On September 7, the House Ways and Means Subcommittee on Health held a hearing to examine whether existing Medicare Part A policies are improving the quality and cost-efficiency of care in hospitals. Specifically, Members heard from physicians, researchers, and administrators about opportunities to improve post-acute care settings—such as home health agencies, long-term care hospitals, or skilled nursing facilities—to deliver better outcomes for patients.  Witnesses expressed support for Value-Based purchasing as a natural next step in the evolution of patient-centric Medicare policy and tying Medicare payments to minimum quality thresholds to ensure services are appropriate and cost effective.  Support was also expressed for consolidating the hospital pay-for-performance programs similar to those adopted for physicians in order to streamline the programs, balance the incentives and improve fairness.  While the hearing did not specifically address physician-owned hospitals or registries, AAOS is submitting a letter for the record highlighting the fact that they represent the value and quality emphasized in the hearing.


Open Payments Data Update

2015 Open Payments data is public, but you can still review and dispute records in the Open Payments system until December 31. Physicians should check their data every year – even if they don’t believe there has been data reported on them. Drug or device companies can submit older data from previous years. Although the data is old, should it be the first time it has been published, they still have until the end of the year to review and dispute information if necessary. If there’s anything inaccurate, it is encouraged to dispute it quickly – this will let the drug and device companies know there is disagreement with their records and gives them a chance to resolve the dispute.  If help is needed with the data review and dispute process, or any questions about how Open Payments works, email the CMS Open Payments Help Desk at and find step by step guidelines, including the review & dispute guide and more information  at


Hospital Ownership of Physician Practices Increases

A new study prepared by Avalere Health finds that the number of physician practices owned by hospitals/health systems rose 90 percent between 2012 and 2015, with the percentage of physicians employed by hospitals or health systems increasing in every region of the U.S. during this time. It is a fact Medicare spends less when patients receive treatment in a physician’s office, yet the number of physician-owned medical practices is rapidly shrinking. The shift towards physicians employed by hospitals could mean higher costs to the entire healthcare system. Most importantly, it has a profound impact on patients as it impacts both where they receive and how much they pay for their healthcare needs.

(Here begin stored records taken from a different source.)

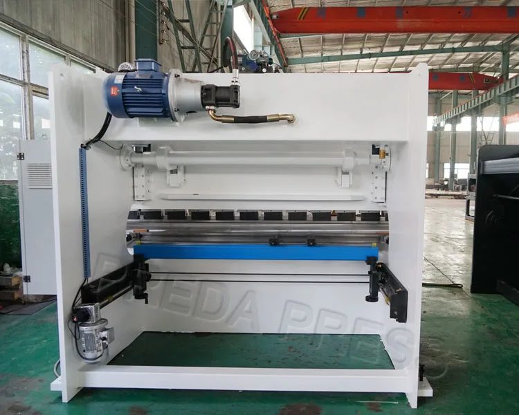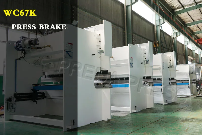 The hydraulic press brake machine comprises a bracket, a worktable and a clamping plate, the worktable is placed on the bracket, the worktable is composed of a base and a pressure plate, and the base is connected with the clamping plate through a hinge, the base is composed of a seat shell, a coil and a cover plate, and the coil It is placed in the recess of the seat shell, and the top of the recess is covered with a cover plate. When in use, the coil is energized by the wire, and after the power is applied, the platen is attracted to the platen, thereby clamping the plate between the platen and the base. Thanks to the electromagnetic clamping, the pressure plate can be made into a variety of workpiece requirements, and the workpiece with the side walls can be processed. (1) Estun E21 NC control system.(2) Powered Depth Y-axis & Back gauge X-axis.(3) DELTA Inverter controlled back gaug.(4) HIWIN Ball screws & Polished rod with 0.01/0.05mm accuracy.(5) Plate Support Arms.(6) Germany Bosch-Rexroth Hydraulic.(7) Germany EMB Tubing connector.(8) Germany Siemens Main Motor.(9) Telemecanique/ Schneider Electrics.(10) Hydraulic & Electrical overload protection.(11) Top and Bottom Tooling (86°,R0.6mm).
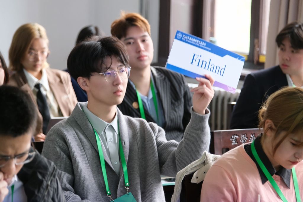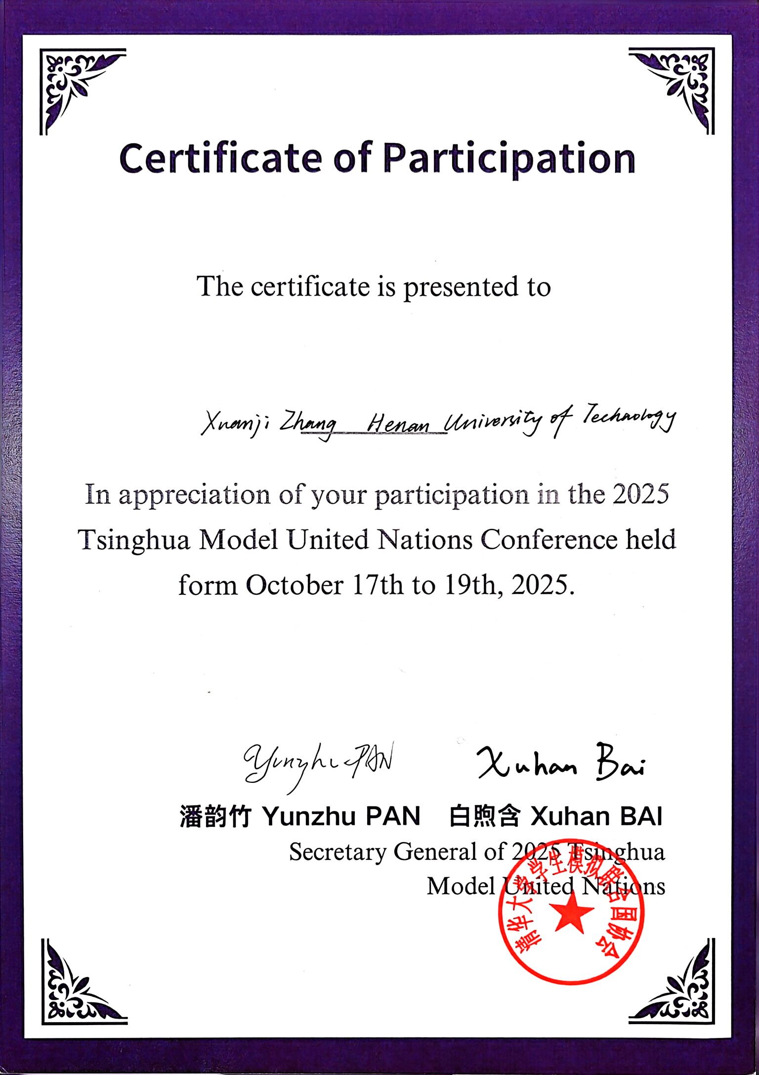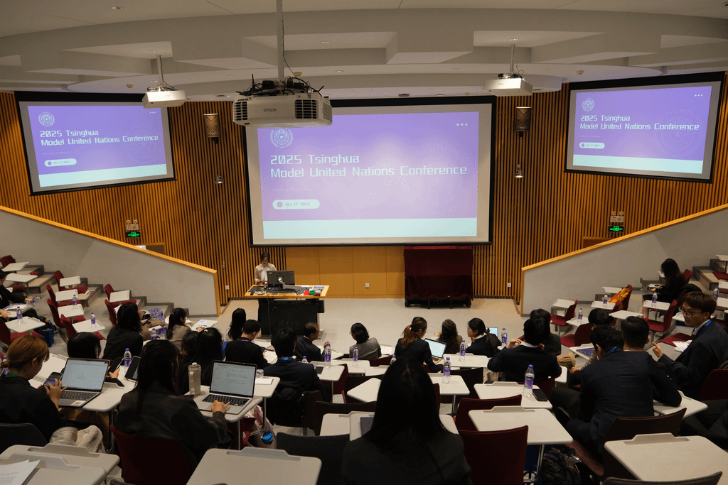 为庆祝联合国成立八十周年,2025年10月17日,紫荆模拟联合国会议在清华大学开幕。法学院2023级学生张轩基代表我校参加国际模拟外交实践活动。
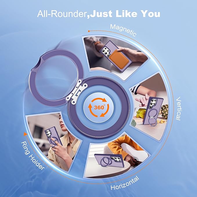 Compatible with Samsung Galaxy S22 & S23 Ultra Case with 360Rotatable Magnetic Ring Stand Compatible with Mag-Safe Military Protection Shockproof Translucent Phone Case,Dark Purple

Call to Action in the Treatment of Osteoporosis

A recent call to action to address the crisis in the treatment of osteoporosis  from the American Society for Bone and Mineral Research (ASBMR) included new evidence emerging that the 30-year downward trend in hip fractures in the U.S. has hit a plateau in the last few years, indicating the field as a whole must take action to aggressively reduce fracture risk in our aging population. Experts are now acknowledging there is a crisis caused by the declining rate of testing, diagnosis and treatment of high-risk patients.  Allowing these patients to go untested and untreated frequently leads to debilitating fractures that cause disability, loss of independence and death.